Never stay in an abusive relationship for the sake of kids, here’s why!

Many people take kindness, politeness, empathy for granted and still remain ungrateful towards people who bestow such behaviour on them. But others take – abuse – both verbal and physical for granted and endure all the plight and prejudice for years. In most cases, women put up with abuse inflicted on them by their spouse or in-laws citing reasons like lack of financial and moral support, societal pressure, well being of kids, the latter being an excuse and a fear for many, especially women who are financially dependent on their spouses. While many modern Indian women have started to raise their voice for the sake of their dignity and choose to walk out of an abusive relationship, but their numbers are far less compared to those who have accepted abusive as a part and parcel of their lives. Here is why you should never marry a man who says – Marry me, else I will kill myself.

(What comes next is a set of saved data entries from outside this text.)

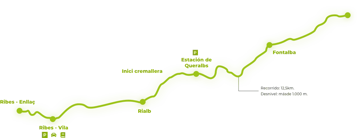 Le Cremallera de Núria part de Ribes de Freser et monte jusqu'au sanctuaire, franchissant un dénivelé important avec des vues spectaculaires.
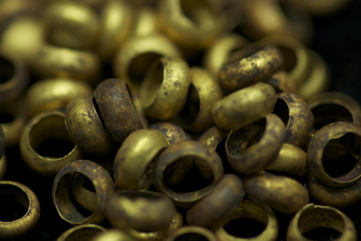 377 - Pendiente figurativo de oro fundido con la representación de un murciélago bicéfalo en vuelo que formaba parte del ajuar del individuo I5 de la tumba T2. EL aro de suspensión se localiza...
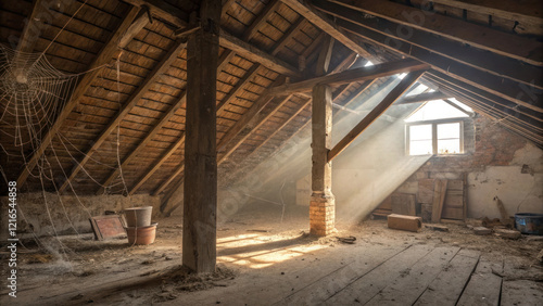forgotten attic with exposed wooden beams, dust particles in sunlight
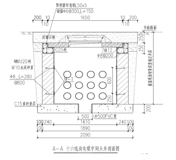 3.3.1 电缆井有直线井、转角井、三通井、四通井,底板为200mm厚C15混凝土垫层,井壁为240mmMU20砖M10砂浆砌筑砌体,底板及内壁15mm厚为1:2砂浆(5%防水剂)抹灰,部分井壁有预埋件。

For women, who choose abuse over a tough fight and subsequent freedom, abuse becomes their comfort zone. They know what to expect from abuse rather than tread the unknown and explore the route to freedom. Well everybody has a choice and a reason to do what they choose to do. We aren’t judging anyone here. But know that living in an abusive relationship has an irreversible and irreparably impact on kids that might negatively shape up their ideologies and set up unreasonable relationship goals. Yes, a healthy atmosphere at home goes a long way in shaping a child’s character and EQ and is influenced the most by the portrayal of the parental relationship. Dr Sanghanayak Meshram, psychiatrist and sexologist, Mumbai opines that children who witness abuse in parental relationships internalise the behaviour and turn out to be either an abuser or a submissive victim most of the time. Here are signs that say you are in an abusive relationship.

He says, ‘Take, for example, a boy who is at an impressionable age of five years grows up seeing the father being abusive towards the mother and in turn the mother acts demure and accepts the abuse as a part of her life, could turn to become an abuser himself when he grows up. As his idea of a relationship is the one of dominance, violence and inequality. All this will not happen overnight, in fact, during the growing up years the child might show traits of being an introvert but could turn out to be a passive-aggressive teen or adult.

‘For a girl child, who would see the mother put up with domestic abuse might also subconsciously start to believe that abuse is normal in a relationship. She might not put up with physical violence but could fail to pick the cues of gas lighting, financial dominance and keep walking on eggshells to maintain peace and harmony in her relationship. But the fundamental idea of peace and harmony in her life is distorted.

‘There is also a fair chance that the girl child becomes more aggressive and the boy child resigns to victimisation in their respective intrapersonal zones, depending on which parent they choose to model themselves. The form of abuse you pick up (whether to harm others or become a victim) is gender neutral,’ explains Dr Meshram.

However, this isn’t all. Children who witness abuse and violence in their relationship could also turn to become possessive, dominant, suspicious and bullies in their own zones, having difficulties in maintaining intra and interpersonal relationships.

‘This is why it is important to resolve marital issues that take the course of violence and abuse. Couple therapy, talk therapy and also psycho-analysis can help resolve most of the problems. This is important not just for kids even for the adults in the relationship too. The ordeal and the outcomes of fight, violence and abuse cannot be stated enough. Get help if you think your marriage is on the rocks and it is affecting your kids. Arguments and fights that don’t lead you anywhere are futile in solving the issue,’ says Dr Meshram.

But note that not all kids turn to become an abuser or a victim seeing their parents go through this torment. Some kids also turn to be compassionate, trustworthy, empathetic and considerate. Apart from parental ties, other factors in the surroundings also matter – perhaps a good relationship with a grandparent or teacher, a senior at school or college, the parent’s own relationship with the child and the ability to help the child see beyond distress and pain. A lot goes into the making of the character of a kid. Still, staying in an abusive relationship is not justified.